But this triumph of quantum mechanics came with an unexpected problem-when you stepped outside of the mathematics and tried to explain what was going on, it didn't seem to make any sense. Elementary particles such as electrons behave like waves, apparently moving like ripples on a pond; they also seem to be instantaneously aware of distant objects and to be in different places at the same time. It seemed that any weird idea could gain respectability by finding similarities with some of the weird features of quantum mechanics. It has become almost obligatory to declare that quantum physics, in contrast to classical physics, cannot be understood, and that we should admire its ability to give the right answers without thinking about it too hard.

And yet, eighty years and unprecedented numbers of physicists later, naked quantum weirdness remains elusive. There are plenty of quantum phenomena, from the magnetism of iron and the superconductivity of lead to lasers and electronics, but none of them really qualifies as truly bizarre in the way we might expect. The greatest mystery of quantum mechanics is how its ideas have remained so weird while it explained more and more about the world around us.

Perhaps it is time to revisit the ideas with the benefit of hindsight, to see if either quantum mechanics is less weird than we usually think it is or the world around us is more so.

Classical Mechanics in Action

When we think of planets orbiting the sun, we usually adopt Newton's view that they are constantly accelerating-in this case changing direction-in response to gravitational forces. From this, we can calculate the motions precisely, and the impressive accuracy of predictions for total solar eclipses shows how well it works.

There is, however, another way of thinking about what is happening that gives exactly the same results.
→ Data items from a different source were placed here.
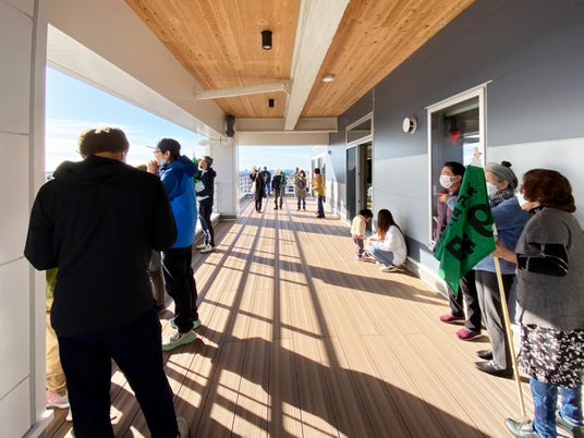 この日、多くの社員が、避難誘導や環境整備に獅子奮迅の活躍を見せました。特に、1階の地域の方へのオープンスペースとしている「うみゆめホール」に避難されていた高齢者の方々を、自分たちの避難より優先させて自主判断で最上階のカフェテリアに案内した若手社員の行動は、「誰かの指示を待つのではなく、自分で最善を考えて行動する」という当社の価値観を体現するものでした。
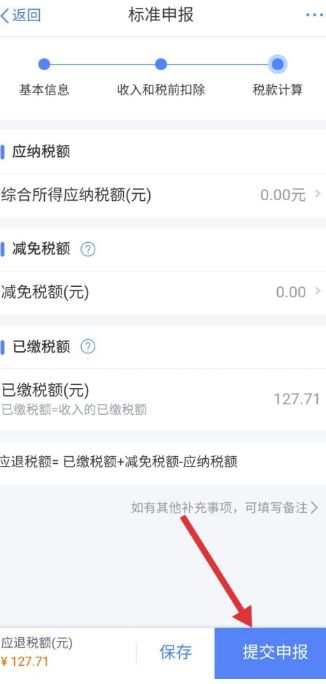 添加好后回到申报界面,点击“下一步”,我们可以看到有应退税额了,最后点击“提交申报”即可。
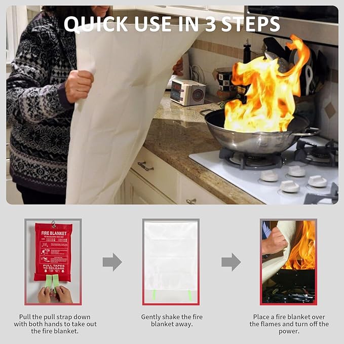 - USE EMERGENCY FIRE BLANKET WITHIN 3 SECONDS : Fix or place the fire blanket on a conspicuous wall or in a drawer where it can be accessed quickly. In the early stage of fire, quickly take out the fire blanket, hold the two straps with both hands, gently shake the fire blanket, cover the flame, and cut off the power or gas source.
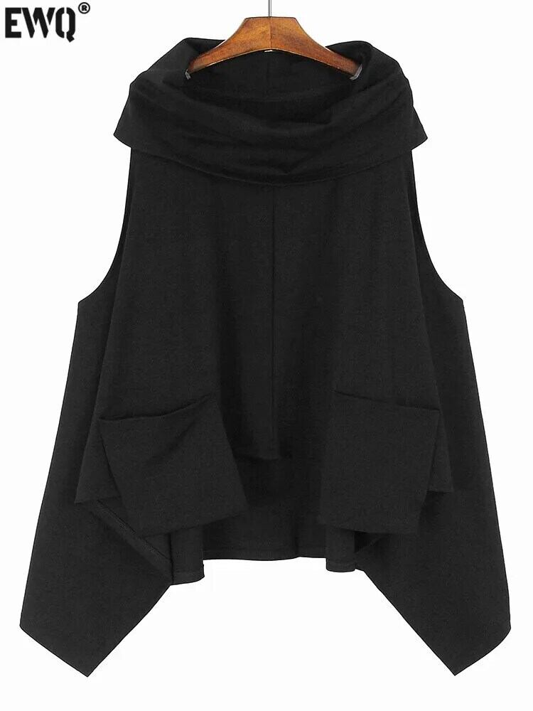 [EWQ]スタイルヒープカラープルオーバーノースリーブTシャツルーズイレギュラーオールマッチトップス2024春秋U7473 スプリング 春物 オータム 秋物
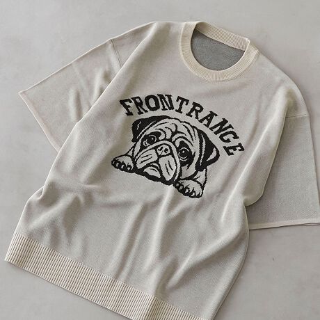 〇ドッグ&キャットモチーフを、編み目が細かく軽やかなニットで表現。プリントではなく糸で柄を描くことで、透けにくく上品な表情に仕上げたWEB限定ニット

Instead of the Principle of Acceleration by Forces, as we might call it, there is an alternative called the Principle of Least Action, or more correctly, Hamilton's Principle.

It is a principle that was first put forward about fifty years after Newton's, in its earliest form by the Frenchman Pierre Maupertuis, and in its ultimate form by the Irishman William Rowan Hamilton.

The general idea is that when a planet travels through space, or a ball travels through the air, the path that is followed is the one that minimizes something called the action between the start and end points. Action, for our purposes here, is just something that can be measured out for some particular object moving along a particular path. It is exactly defined and is measured in units of energy multiplied by time. The details are not important unless you need to make calculations.

We therefore have two quite different ways of describing situations in classical physics that are equally good in terms of giving the right answer. To give the simplest possible example, we can think of a golf ball travelling across an idealized, frictionless, flat green. In Newton's view (figure 1), the ball moves in a straight line at constant speed, because that is what Newton's Law says it must do. In Maupertuis' view (figure 2), the ball does this because this path is the one that has the least action between the start and end points. This trivial example can be made more interesting by making the green have humps and dips, which are like having forces acting on the ball, but the principles stay the same.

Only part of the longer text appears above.